Ok, 20 years ago and about 200 miles away...
The local high school band director had some clarinet reeds, usually terrible Rico student grade reeds, available for sale to most kids and available for free to genuinely destitute kids. The "richer" kids actually subsidized the poorer ones for reeds on a round-robin basis with the teacher buying out of his own pocket a box or two of the cheapest reeds he could find. This was actually a better deal than us kids thought, because the teacher didn't get any money back for the box or two of reeds. It was a courtesy done to keep as many kids playing and active in the band as possible. We had at least 15 soprano clarinets in the band and at least as many flutes, with about a dozen trumpets, three or four trombones, three Sousaphones, two french horns, and lots of percussion. All of the other reed winds could be counted on one hand. So, the rare sax, bass clarinet, bassoon, and oboe players were on their own for reeds.

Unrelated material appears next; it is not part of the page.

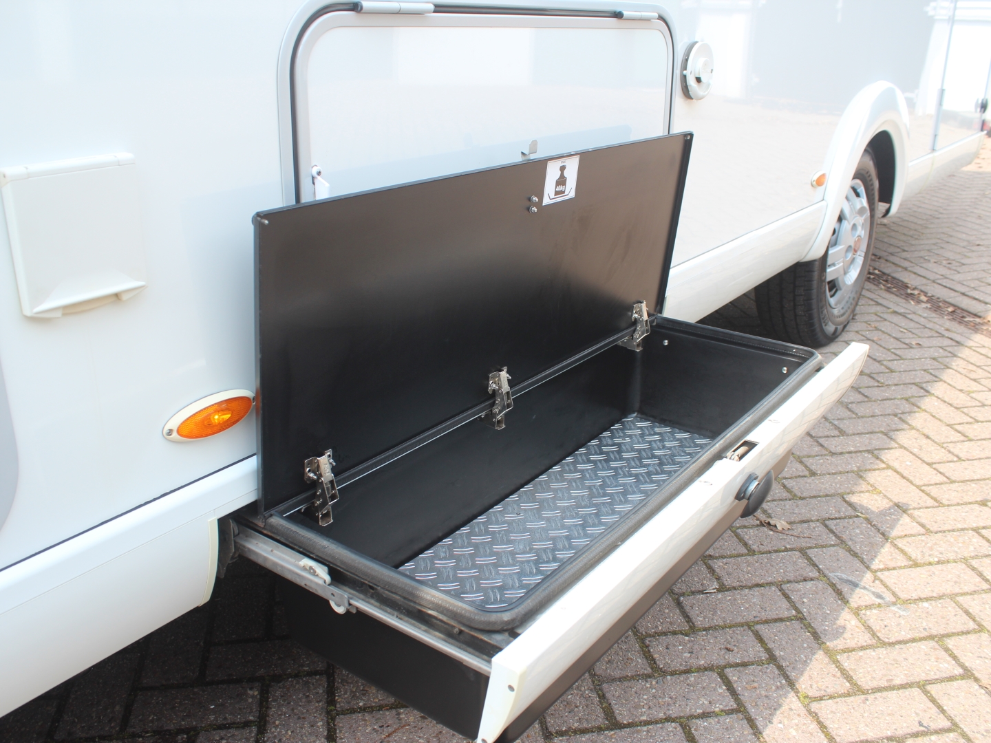 De camper heeft veel bergruimte in de ruime dubbele bodem bereikbaar dmv. verschillende luiken in de vloer. Het bevat tevens een grote garage, met aan beide zijden een grote deur, waarin uw fietsen en bagage veilig binnen geplaatst kunnen worden.

I also understand the typical policy of having kids playing school owned instruments that most families cannot afford. That's how I could play the bass clarinet instead of a soprano clarinet for two years in high school. My parents could barely afford a $200 piece of junk soprano clarinet, and it was simply impossible for them to afford a $4000 bass clarinet, even on a rental/lease basis. All I had to do was come up with the money for a few bass clarinet reeds every now and then. These expensive instruments were provided by the school, which came out of the School District's operating budget, and were purchased in bulk through very large State-wide contracts. The students got whatever the school had available. Sometimes it was pretty good stuff that was usually old and very beat up. Most of the time, it was second rate student grade junk specifically made for the low bid based bulk contract market.
That's still the way it's done today for rare or expensive winds such as oboe or bassoon, rare or expensive brass (such as french horn), large brass (tuba or sousaphone), most of the rare or expensive strings and keyboards (piano, organ), and most of the percussion.